▶ _What you need to do_
Beginning with the line that holds "# 3 7706 Tex Mex" and ending with the last line of the entries below, copy every line exactly and nothing else, with the pictures left out.

▶ _Material for this exercise_
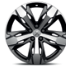
18" 'Detroit' Storm Grey Standard on ACTIVE & ALLURE
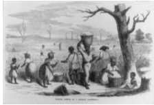
Picking Cotton on Georgia Plantation Library of Congress, Prints and Photographs Collection, LC-USZ62-76385
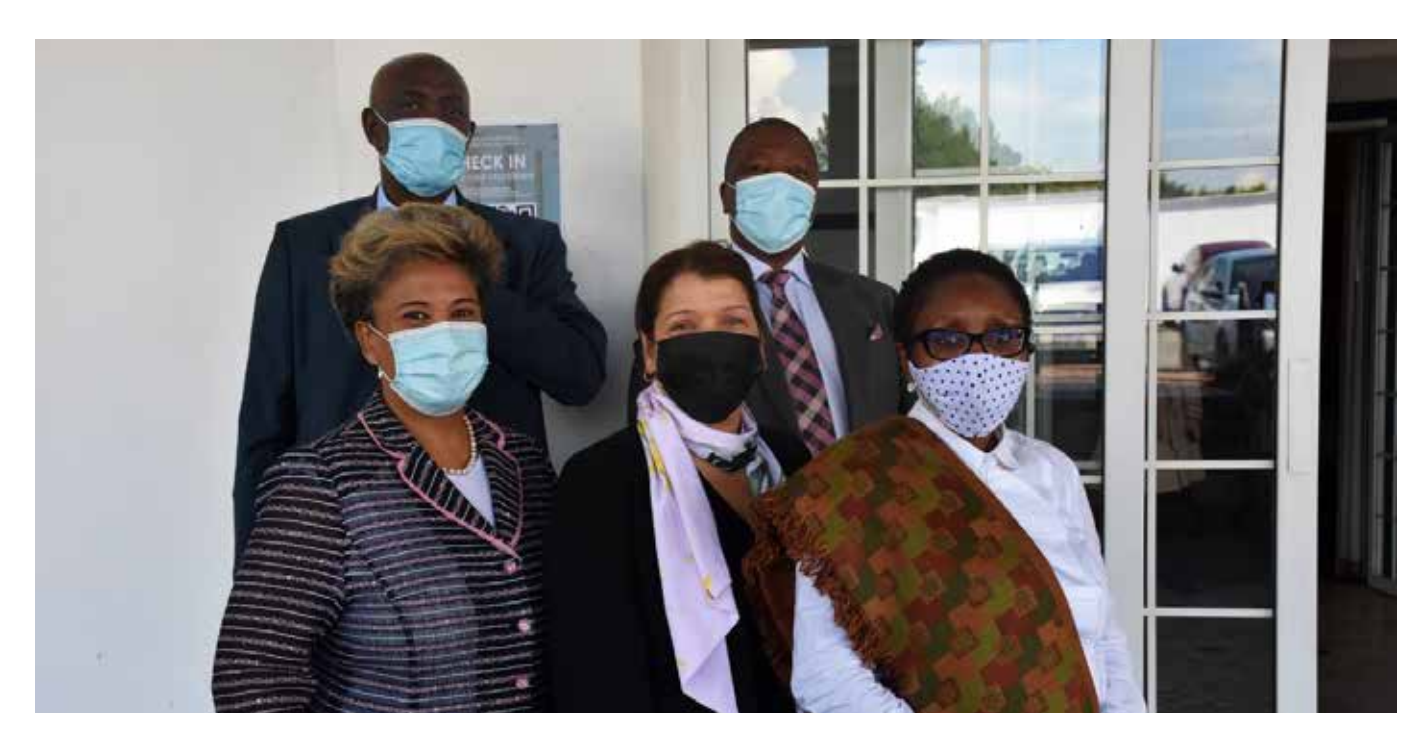
Senior members of the Judiciary and facilitators of the Aspiring Women Judges Programme.

Three (3) webinars were conducted in support to foreign judicial institutions. They were on: trafficking in persons and electoral justice. SAJEI also invited international partners to participate in the webinars. In attendance were members of the judiciary from Botswana, Cameroon, Malawi, Mozambique, Lesotho, Namibia, Sierra Leone, Tanzania, Zambia, Zimbabwe, as well as international delegates from Nevada (USA), Pakistan, Papua New Guinea, Puerto Rico and Singapore.
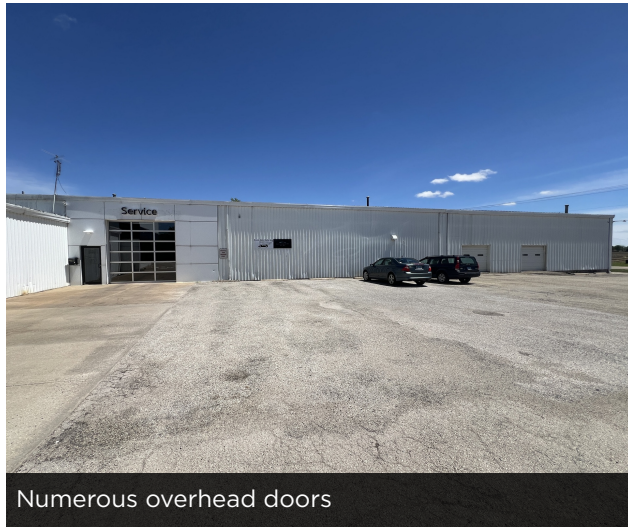
Numerous overhead doors
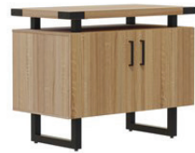
Mirella™ Storage Cabinet
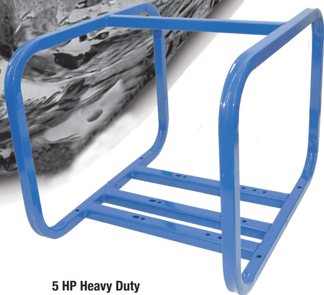
5 HP Heavy Duty Steel Roll Frame Assembly
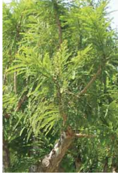
Beheaded branches showing emergence of new shoots

There is a tendency of over lapping of canopy between 10 and 12 years of age depending on the nature of variety unless the canopy is maintained by trimming and thinning. Plantation which have overlapping branches lead to dead wood development decline in yield in later years. Such plantation can be rejuvenated through canopy redevelopment. The
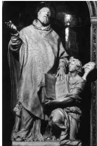
Figure 11. Alessandro Algardi, St. Philip Neri, 1636–38. Marble, c. 300 cm. Rome, S. Maria in Vallicella.
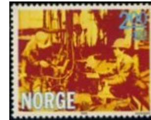
Roughnecks at Rig floor with Drill pipe Elevator.

"No prouder men on earth you'll find, In station high or low, They drive the drill, the Derrick wind, And make the black gold flow..."
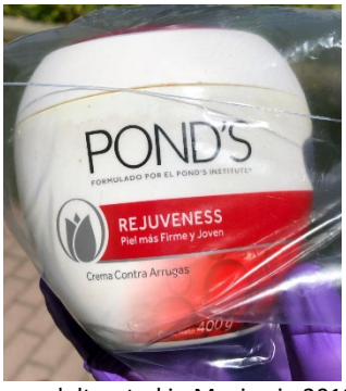
Pond's cream adulterated in Mexico in 2019. Cream is particularly toxic due to the organic mercury content.
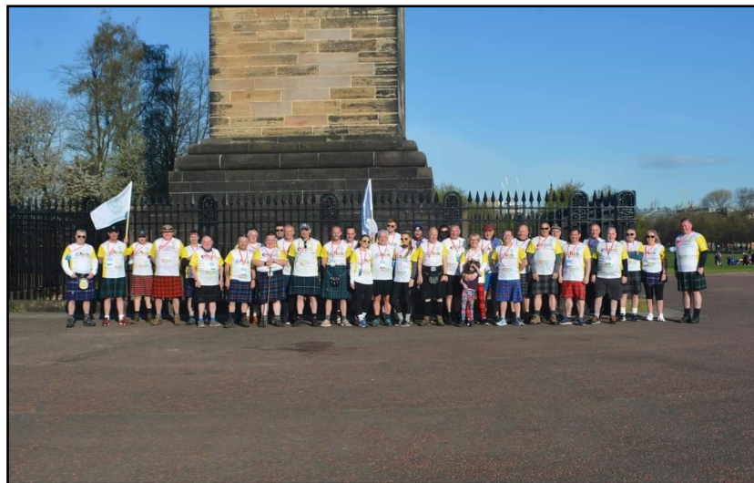
Provincial Grand Lodge Kilt Walkers
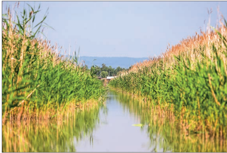
A driving channel pictured in the reed belt in Rust at Lake Neusiedl in the Bay of Rust, Burgenland on 5 June 2022. About 120 people took part in the first edition of the Lakemania/ SOS Neusiedler See meeting on Lake Neusiedl with boats, canoes and paddles to draw attention to the drying out of the lake.

Meszaros, who is close to Prime Minister Viktor Orban, is already in charge of a vast real estate project on the Hungarian side of the lake, including the
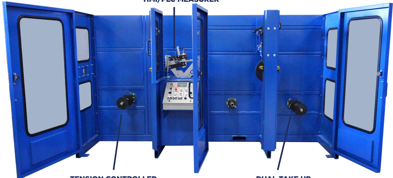
TENSION CONTROLLED PAYOFF
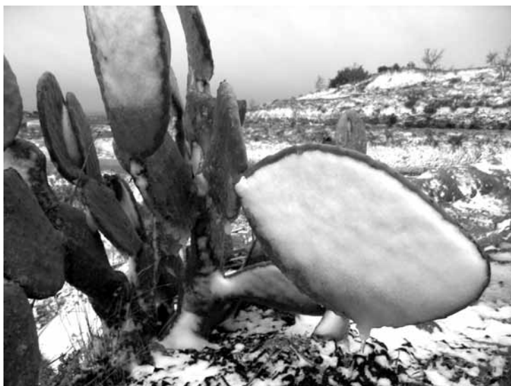
Snow and Chumbos – a rare sight indeed!
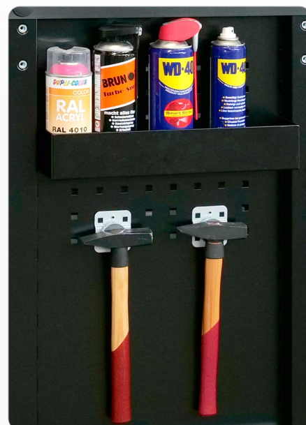
Spray can holder Art.no. 64.087.000
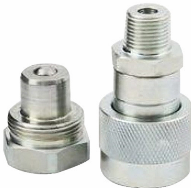
High Pressure Screw Coupling (Bolt Type Male Coupling) Size : 1/4 to 1

Scientific, electric, photographical measuring, apparatus for recording transmission reproduction of sound or images data processing equipment computers.
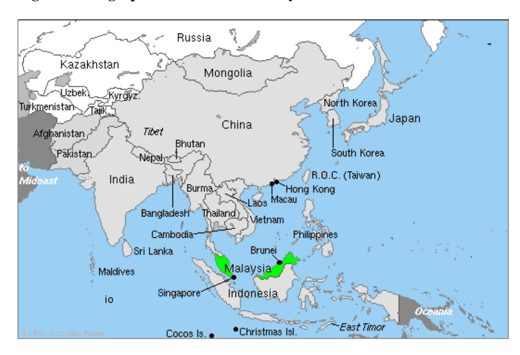
Figure 1. Geographical Location of Malaysia

One reason for great variety of ethnic, religious and linguistic groups in Malaysia can be traced to its geographical location. The region that is now Malaysia comprises Peninsular Malaysia, a peninsula jutting out from the Asian continent and East Malaysia, comprising Sabah and Sarawak, two regions in the island of Borneo (see Figure 1). Peninsular Malaysia lies at the crossroads of maritime trade between the West (India, Arabia) and the East (China). The seas between North Borneo (now Sabah) and the Sulu islands have been an important trading route between Australia and China. There have thus been far-reaching movements of peoples between the West and the East and within Southeast Asia itself (Andaya and Andaya, 1982).
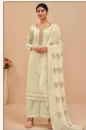
❁ 2046 D ❁
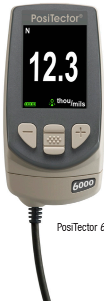
PosiTector 6000 N45S3
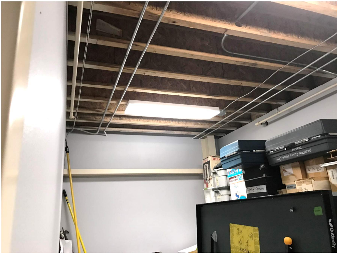
Figure 1-3. Structure of Second Floor
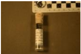
Allosaurus sp. (7366)
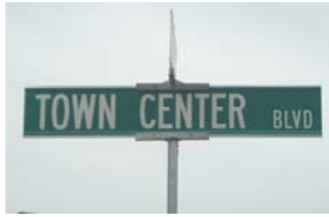
The Morgan Road street sign has been changed to say Town Center Boulevard.
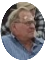
Grounds & Maintenance Officer
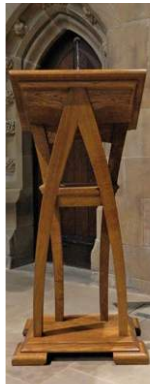
St Batholomew's, Wilmslow Tapering gothic arches front the lectern, with opposing back legs supporting the fixed height reader.
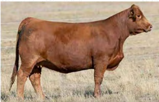
MAF SHAMROCK 210H Dam
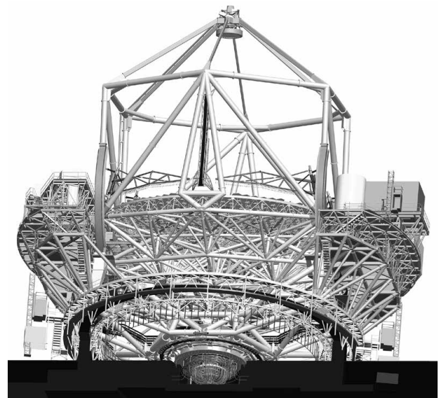
Figure 2: Preliminary design developed for the telescope's main structure.

Japan will perform the task of fabricating a near-infrared imaging camera and spectrograph known as IRIS, which is one of the three components of the first observational instruments to be installed prior to the commencement of TMT observation. Prototypes fabricated in FY 2013 include optical components and its supporting structure, a low temperature drive system, and a vibration-proof system. These components are necessary for attaining relative astrometry within a wavefront error of 30 nm and 30 \mu s. Discussions are underway for Japan to perform the fabrication of a camera system and other mechanisms such as the WFOS/MOBIE (Multi-Object Broadband Imaging Echellette), and conceptual designs were created in preparation of their construction.
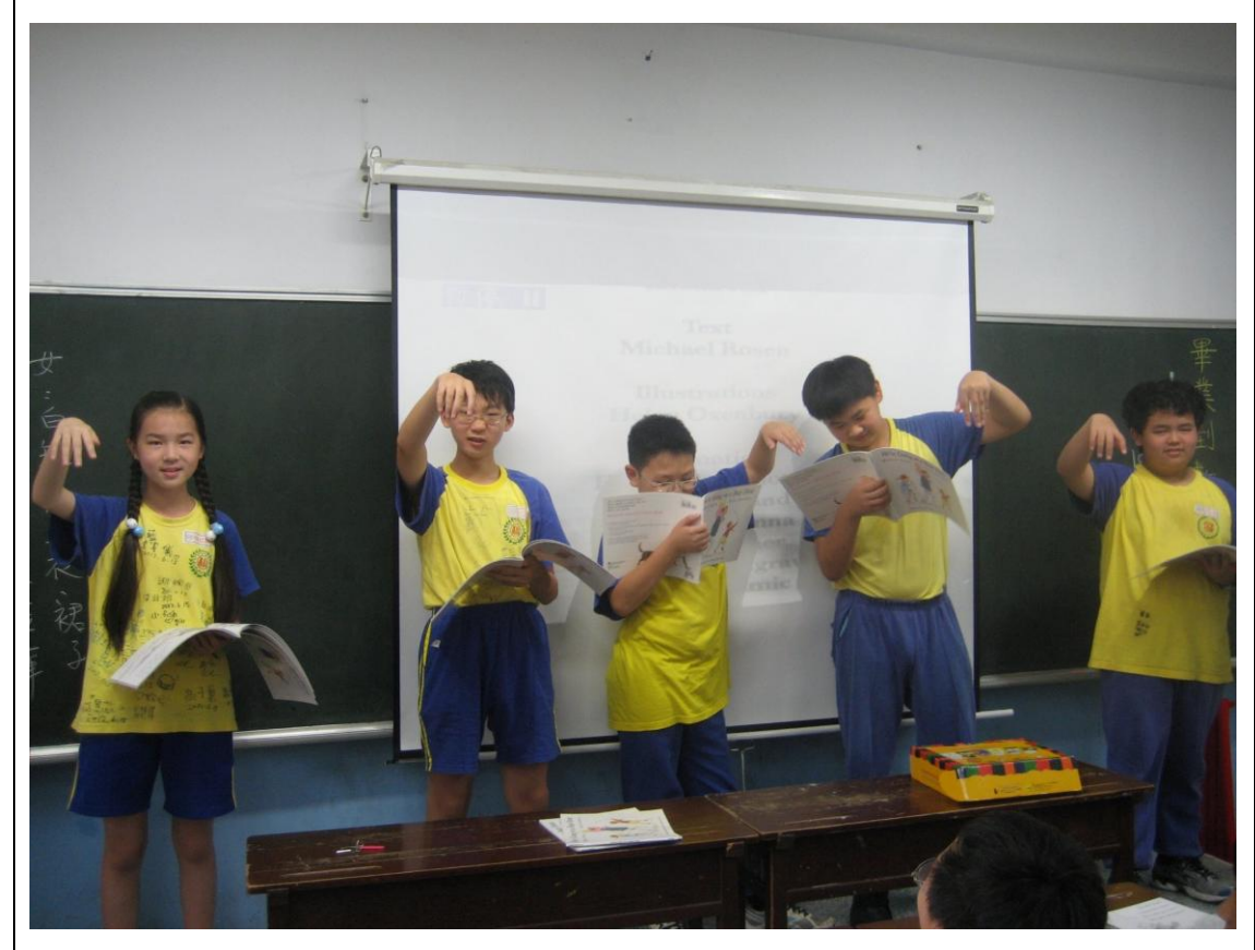
RT: We can't go over it!
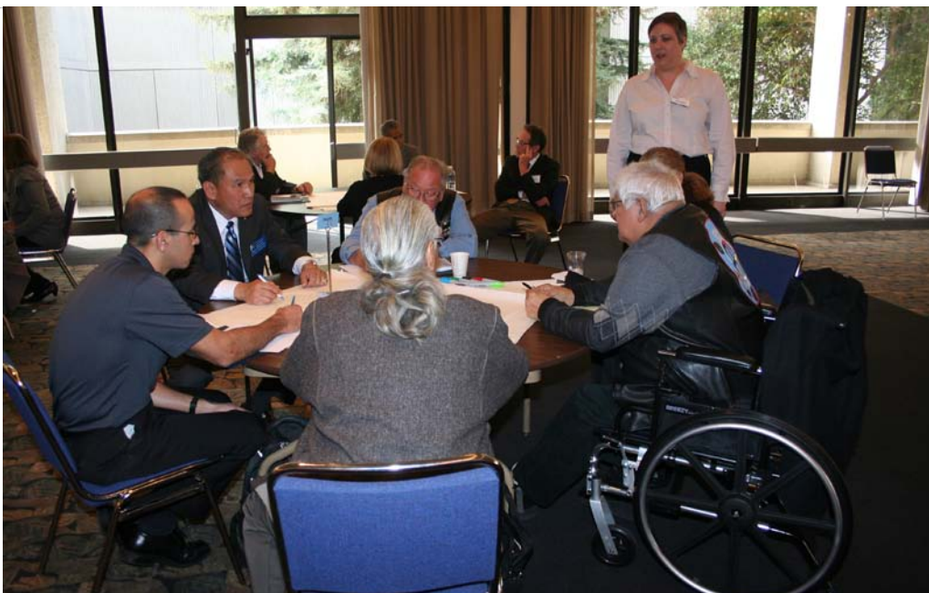
ICV Meeting breakout session.

"We're pleased that so many have come together to coordinate, collaborate and communicate in ways that will identify and address the needs of California's veterans and to develop better ways to serve them,"
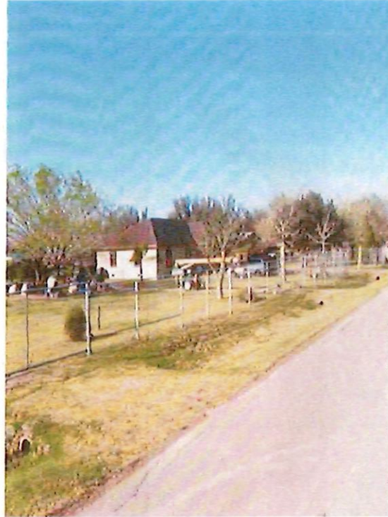
# 3 7706 Tex Mex
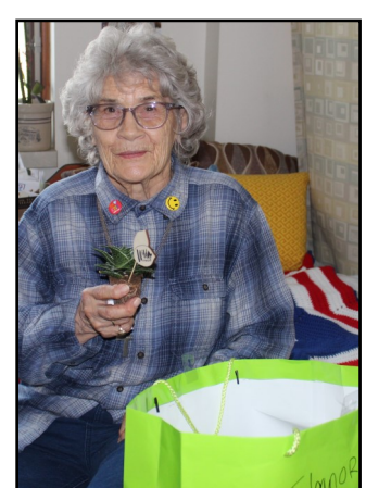
Alice Buffet Magnet Middle School in Omaha.

44 Members were given gift bags filled with a variety of items like fleece blankets, puzzles, treats and a note from each of the 8th grade students.
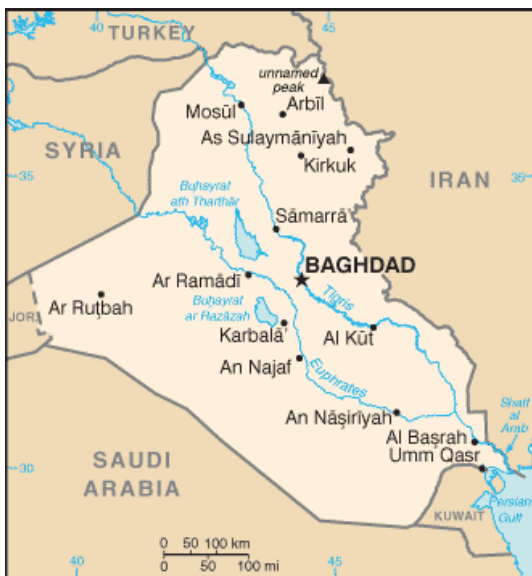
CIA World Factbook 2002
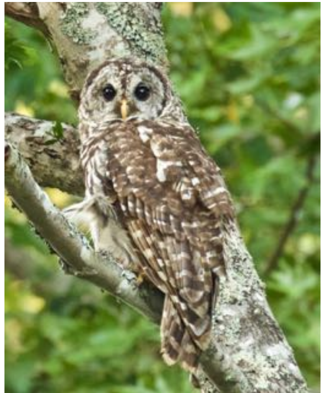
Barred Owl, September 8 on Outer Banks.

▶ _Task answer_
# 3 7706 Tex Mex
Alice Buffet Magnet Middle School in Omaha.

44 Members were given gift bags filled with a variety of items like fleece blankets, puzzles, treats and a note from each of the 8th grade students.
CIA World Factbook 2002
Barred Owl, September 8 on Outer Banks.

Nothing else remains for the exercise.